Overfit vs. control. The overfit agents learned to use the hint pixels to mimic the expert. Think of this strategy as “cheating”: doing the right things for the wrong reasons. Meanwhile, the control agents learned to use relevant features of the gamespace (ball, paddle, etc.) to reconstruct the expert’s policy from scratch. In spite of these very different underlying strategies, the two agents looked almost identical in replays.

A control agent (left) versus an overfit agent (right)

Survey. We made videos of both agents, with and without saliency maps. Next, we instructed 30 engineering students to watch these videos and answer questions about the agents. Even though these students had limited – if any – experience with deep RL and Atari, the majority of them were able to identify the overfit agent with the help of our saliency technique.

Table 1: Which agent has a more robust strategy?

Video type Can’t tell Agent 1 (overfit) Agent 2 (control)
Without saliency 16.1 48.4 35.5
With saliency 16.1 25.8 58.1

Watching agents learn

Deep RL agents are known to transition through a broad spectrum of strategies. Some of these strategies are eventually discarded in favor of better ones (recall the AlphaGo Zero example). We wanted to see if we could visualize this process in Atari agents. Below are some cool results: the leftmost frames represent how untrained agents see their environment whereas the rightmost frames represent how fully-trained agents see their environment. Each frame is separated by about 10 million frames of training.

A Breakout agent learning to tunnel. An untrained agent looks pretty much everywhere. Early in training, it has learned to look at the paddle and ball, probably because its policy is to simply return the ball (without aiming). Later on, the agent has learned to direct the ball towards a "tunnel" in the brick wall in order to maximize its score.
A Pong agent learning a kill shot. There's not much to see here, but you'll notice that saliency starts out evenly distributed across the two paddles and the ball (the agent we're training controls the paddle on the right). Later in training, our agent starts to ignore the opponent during the kill shot because there's nothing the opponent can do to return the shot.
A SpaceInvaders agent learning an aiming strategy. Like the Breakout agent, the agent starts out looking everywhere. Early in training, it shifts its attention entirely to the spaceship at the bottom of the screen. Its strategy at this point is probably based on avoiding enemy bullets and "spraying" its own bullets without aiming. Later in training, it has switched to an aiming strategy, in which it attends to specific enemies.

Going forward

Recap. Our long-term purpose is not to explain Atari agents; it is to explain any deep RL agents. In this project, we introduced a tool we believe takes us one step closer to that goal. We used it to explore Atari agents in a variety of different ways, and learned a lot about them in the process.

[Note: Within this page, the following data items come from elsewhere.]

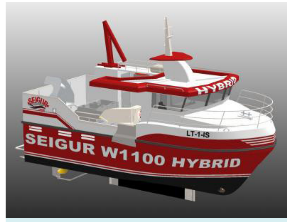
Figure 2: Seigur W1100 Hybrid fishing vessel

This hybrid system will be used in conjunction with a diesel engine plus 400 Ah battery bank, which can be recharged by the regeneration system of the hybrid system or with the onboard generator. With the special transmission, it is possible to integrate diesel engine power with the hydraulic and electric utilities on board and to cruise at approximately 8 knots in electric mode.
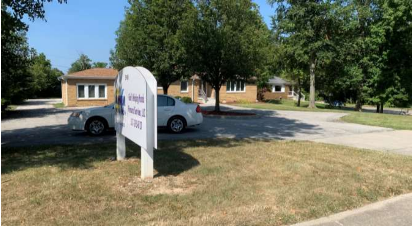
Photo of offices north of the site.
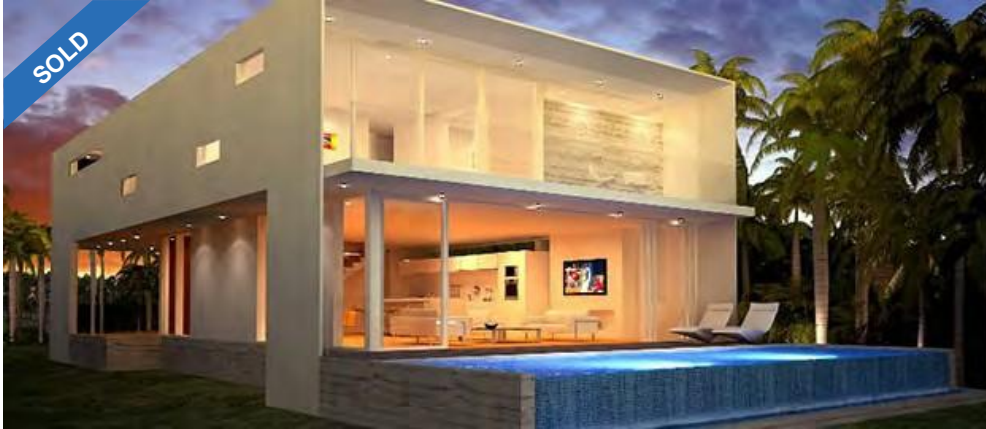
271 COCONUT LANE, MIAMI BEACH
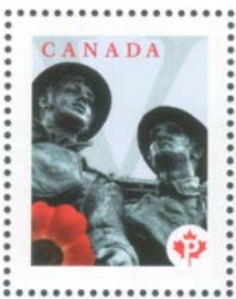
The new 'Lest We Forget'
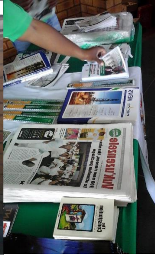
Community members with some of the publication materials received during the activation.
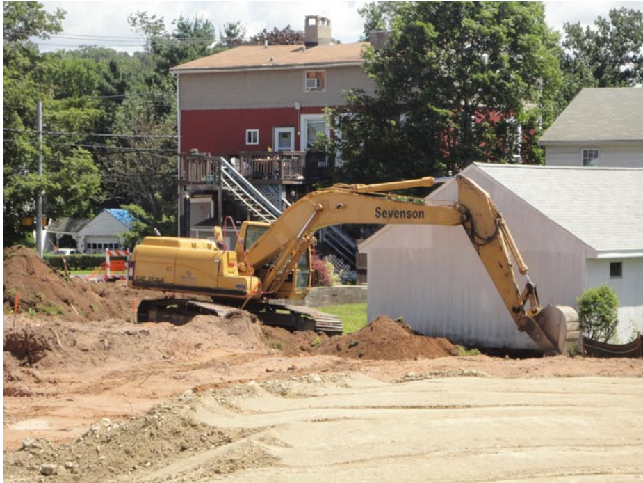
View looking east at excavation in side yard with view of 484-486 Newhall in background
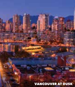
VANCOUVER AT DUSK

The mission statement of DARPA's XAI Project, summarized in an image.

Memory. One major limitation of our technique is that our agents use recurrent connections (in the form of an LSTM layer), so memory plays a key role in their policies. A simple example is an agent which has learned to reason about the velocity of a ball (e.g. in Pong); it needs information about previous frames in addition to information from the current frame to do this. We present preliminary results for “the saliency of memory over time” in our paper, but it’s not the main focus of this project.

More than one tool. I think the comment about memory suggests a fundamental truth about explanations for deep RL: we need more than one. To produce explanations that satisfy human users, researchers will need to assemble many complimentary explanation techniques. To this end, I see this project as something which compliments previous efforts while motivating future efforts, taking the field one step closer to producing truly satisfying explanations.

  1. Selected for an oral presentation at the NIPS 2017 Interpretability Workshop!